Determine the point estimate and its standard error.

In [None]:
gamma_hat=
se_gamma=
tstat=(gamma_hat-1)/se_gamma
print('gamma_hat (SE): %7.4f (%7.4f)' % (gamma_hat,se_gamma) )
print('t-stat: %7.4f' % tstat);

### **(c)** Then estimate the standard error of $\hat{\gamma}$ using a paired bootstrap. Compare this to $SE[\hat{\gamma}]$ from part (b) and explain the difference. For the bootstrap use $B=25$ and $B=200$.

In [None]:
w=np.vstack( (y,x1,x2) ).T                # make pairs
for BOOTREP in (25,200,1000):
    gammaB_hat=np.zeros(BOOTREP)              # initialise to zero
    se_gammaB=np.zeros(BOOTREP)
    tB=np.zeros(BOOTREP)
    np.random.seed(3)
    for b in range(BOOTREP):
        index=np.random.randint(N,size=N)  # select the indices  
        wB=np.copy(w[index,])              # resample from data
        yB=wB[:,0]
        XB=np.vstack( (const,wB[:,1],wB[:,2]) ).T
        bB_ols,SEB,resB=OLS(yB,XB)         # obtain bootstrap estimates using OLS(.)-function    
        gammaB_hat[b]=
        
        se_gammaB[b]=
        tB[b]=(gammaB_hat[b]-gamma_hat)/se_gammaB[b]
    print('Results paired boostrap (B=%d):' % BOOTREP)
    print('  Bootstrapped SE:  %7.4f' % np.std(gammaB_hat,ddof=1))
    print('  t-stat (SE.boot): %7.4f\n' % ((gamma_hat-1)/np.std(gammaB_hat,ddof=1)) )

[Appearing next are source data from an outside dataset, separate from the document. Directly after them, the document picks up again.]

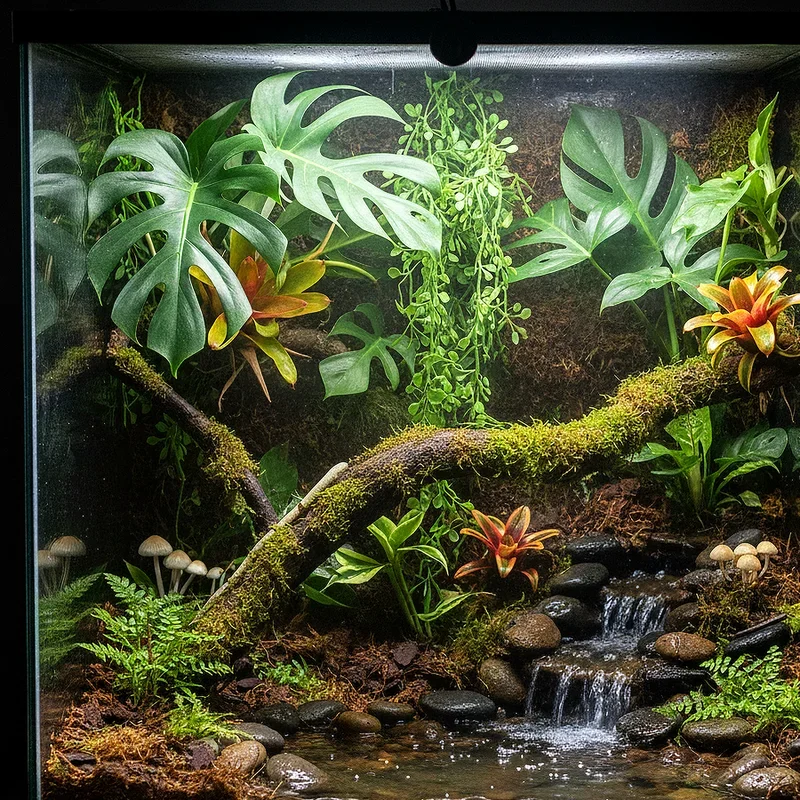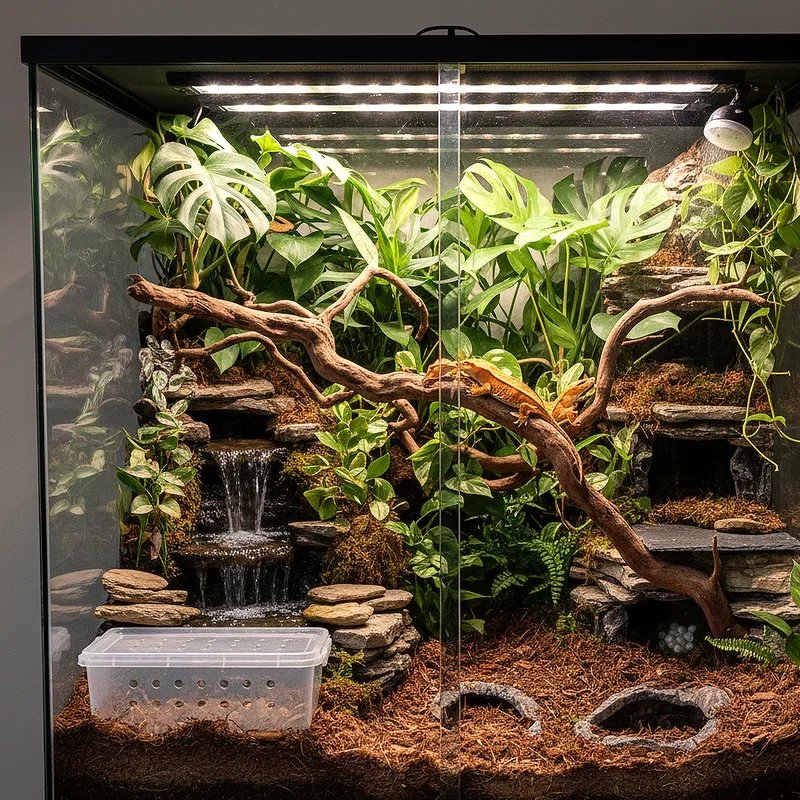 Transform your gecko's habitat into a lush tropical paradise perfect for crested geckos and day geckos who thrive in humidity. This setup requires live plants like pothos, bromeliads, and ferns that flourish in moist conditions while providing natural hiding spots. You'll need a quality misting system to maintain humidity levels between 60-80 percent throughout the day and night. Use coconut fiber substrate to retain moisture effectively while preventing mold growth with proper ventilation. Add multiple branches at various heights to create climbing opportunities that mimic their natural arboreal lifestyle. Include a waterfall feature or dripper system to encourage natural drinking behaviors and boost ambient humidity. The key lies in balancing moisture with adequate air circulation to prevent bacterial growth and respiratory issues. Your gecko will appreciate the naturalistic environment that encourages their instinctive behaviors and promotes overall wellbeing.
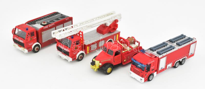 Leírás: 4 darab tűzoltó autó, fém és műanyag, kff felszereltségben, kis hiányokkal, h: 12-17 cm
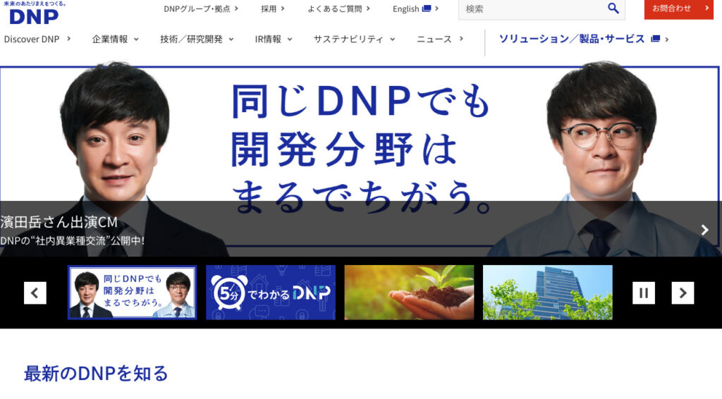 大日本印刷は印刷分野からマーケティングのプロモーション、医療や健康分野までさまざまな事業を展開している会社です。上記で紹介しているランキングのなかでも堂々の1位を獲得していて、総合的にユーザビリティが高いWebサイトと評価されています。
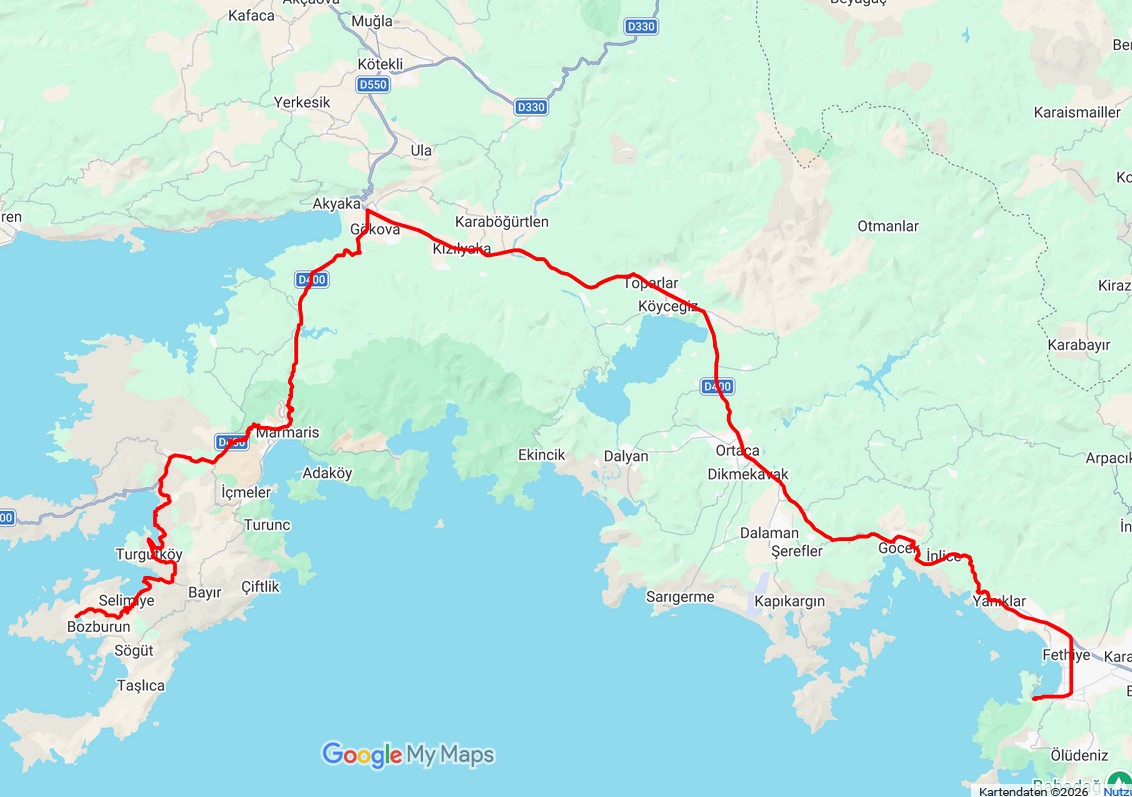 Strecke: Fethiye– 185 km, 17 Grad regnerisch

### **(d)** Now test $H_0:\gamma=1$ at level 0.05 using a paired bootstrap with $B=999$. Perform bootstrap tests without asymptotic refinement, i.e. using $SE_{Boot}[\hat{\gamma}]$ of (c),  and with asymptotic refinement, i.e. using $T^*=(\hat{\gamma}^*-\hat{\gamma})/SE(\hat{\gamma}^*)$.